Cumulative distribution function of count as ratio for subset of data

Question

I am trying to plot CDFs from multiple data on one plot for a subset range. I subset them as the values can be very large and I do not wish to have a large x-axis range. Regardless of the subset range, the CDF always has a y-axis range from 0 to 1. As data exists outside of the subset range, the CDF should never go to 1, but rather a slightly smaller ratio. How might I go about computing CDFs for the whole distribution, then subset them in the plot?

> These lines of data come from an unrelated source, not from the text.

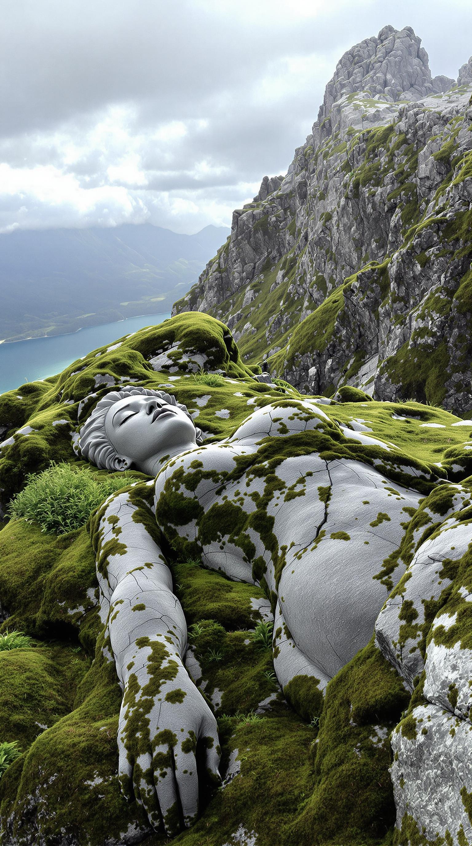 The surrounding landscape is rugged and mountainous, with a body of water visible in the distance. The scene is rendered in a realistic style with a focus on detail and texture, conveying a mood of tranquility and timelessness.
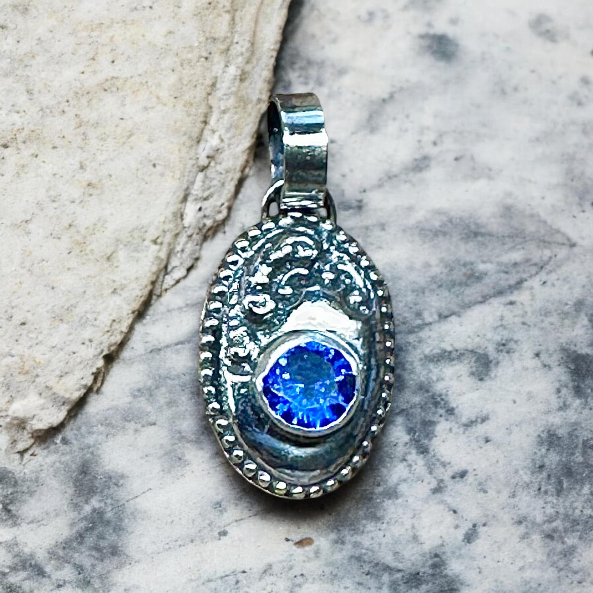 A very unique sterling and fine silver pendant featuring a faceted Ceylon Blue Sapphire gemstone . Beautiful blue earth mined stone that has been treated per industry standard for color and clarity . Creating a piece of jewelry with a visibly beautiful gemstone and more affordable than an untreated stone. A Repousse design on the silver showcases the beautiful stone. Pendant measures 1 1/8” including the bail. Visit our Facebook or Instagram page to see this special pendant in a video .
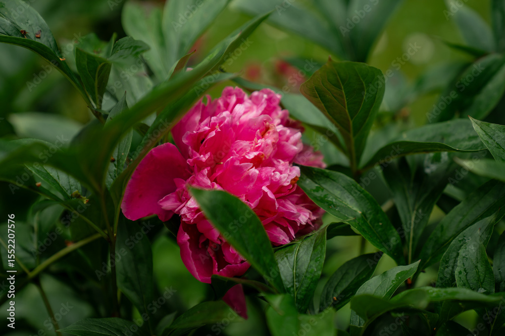 bright pink peony flower blooming in lush green garden foliage, closeup of vibrant summer blossom in natural outdoor setting, botanical photography of colorful floral beauty and seasonal plant growth
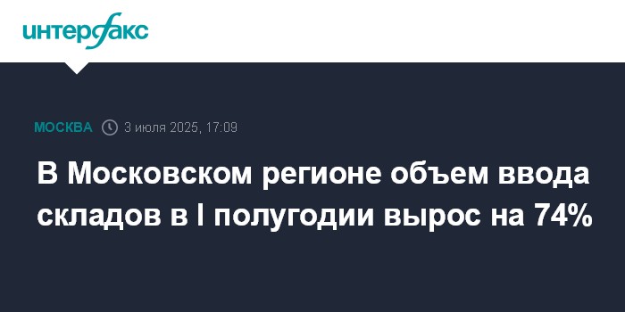 Москва. 3 июля. INTERFAX.RU - В Московском регионе объем ввода качественной складской недвижимости за первое полугодие 2025 года вырос на 74%, сообщает пресс-служба инвестиционно-консалтинговой компании Ricci.
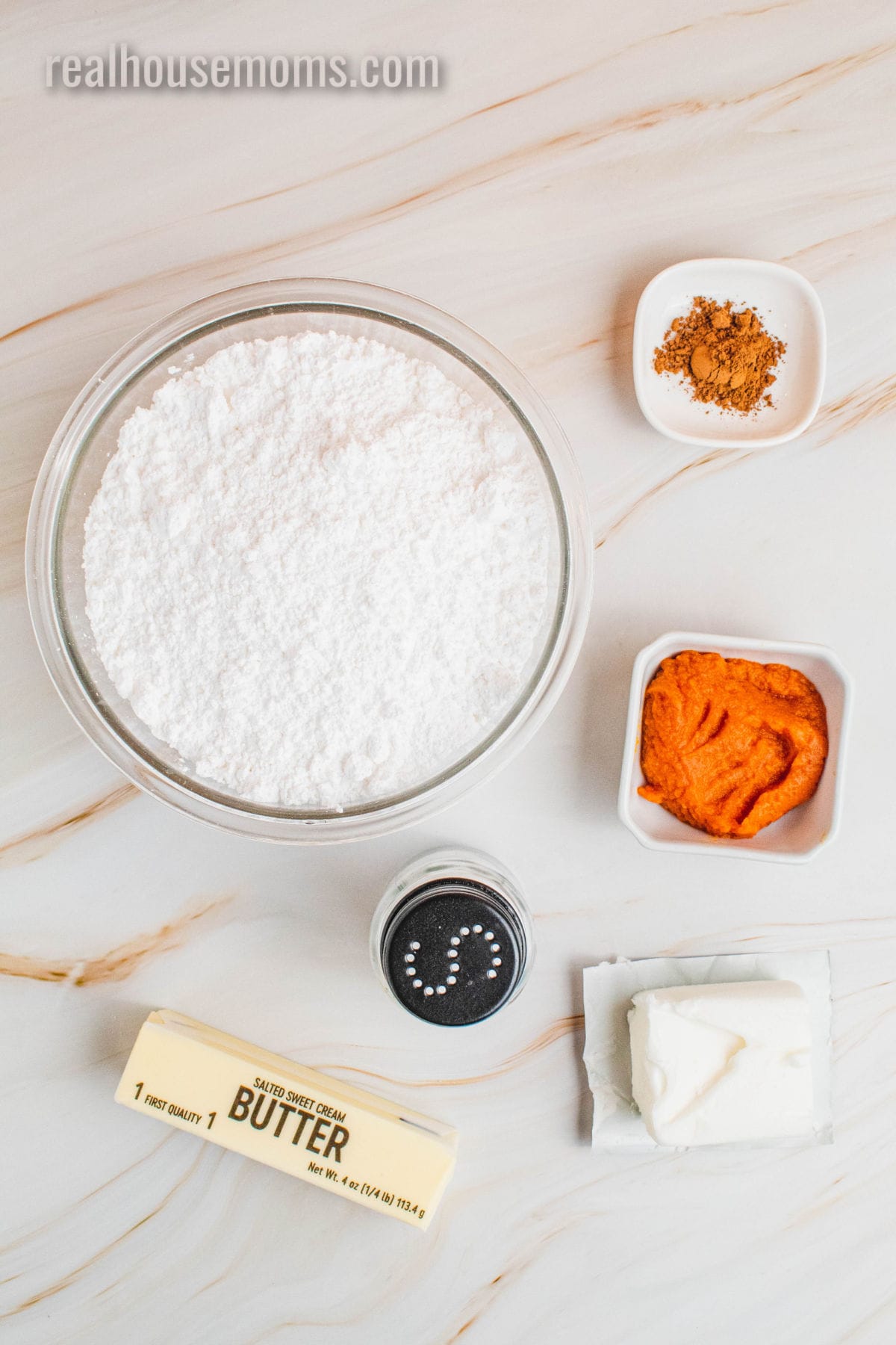 Frosting: To make the frosting, you will need butter, vegetable shortening, canned pumpkin puree, pumpkin pie spice, powdered sugar, and a pinch of salt. Be sure to grab pumpkin puree at the store and not pumpkin pie filling.
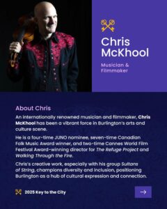 Burlington, ON – The City of Burlington is proud to announce that acclaimed musician, cultural changemaker, and community advocate Chris McKhool will be presented with the Key to the City on Wednesday, April 16, 2025, from 7:00 to 8:00 PM.

This code plots CDFs, however they do not respect that there exists data beyond the x-axis range. At or around x=50, y=1, which is impossible. I have tried a few other stat_ecdf options (commented # below) with no success.

library(moments)
library(ggplot2)
library(plyr)
library(dplyr)
library(reshape2)
library(RColorBrewer)
library(cowplot)
library(scales)
library(gridExtra)
require(data.table)
require(grid)

set.seed(8)

dat1 <- data.frame(a = replicate(1,sample(25:300,1000,rep=TRUE)))
dat2 <- data.frame(b = replicate(1,sample(25:350,950,rep=TRUE)))
dat3 <- data.frame(c = replicate(1,sample(25:400,965,rep=TRUE)))
dat4 <- data.frame(d = replicate(1,sample(25:450,970,rep=TRUE)))

d1_bind = bind_rows(dat1,dat2,dat3,dat4)

md1 <- melt(d1_bind)
colnames(md1) <- c("Dat","Value")
summary(md1)

ggplot(md1, aes(x = Value, color=Dat, linetype=Dat)) +
           stat_ecdf(aes(color = Dat),
#           pad = TRUE, # this does not plot correctly
#           n = 38850, # this or set to NULL does not plot correctly
           geom = "line", size = 1) +
           scale_linetype_manual(values=c("solid", "solid", "solid", "solid")) +
           scale_y_continuous(limits = c(0, 1.0), breaks = seq(0, 1.0, by = 0.05)) +
           scale_x_continuous(limits = c(25, 50)) +
#           scale_x_discrete(breaks = 26:451) + # this does not plot correctly
           scale_color_manual(values = c("#000000", "#E69F00", "#56B4E9", "#009E73"))

quit()

Using stat_bin and manually computing the cumulative sum, results in the same plot as the stat_ecdf above.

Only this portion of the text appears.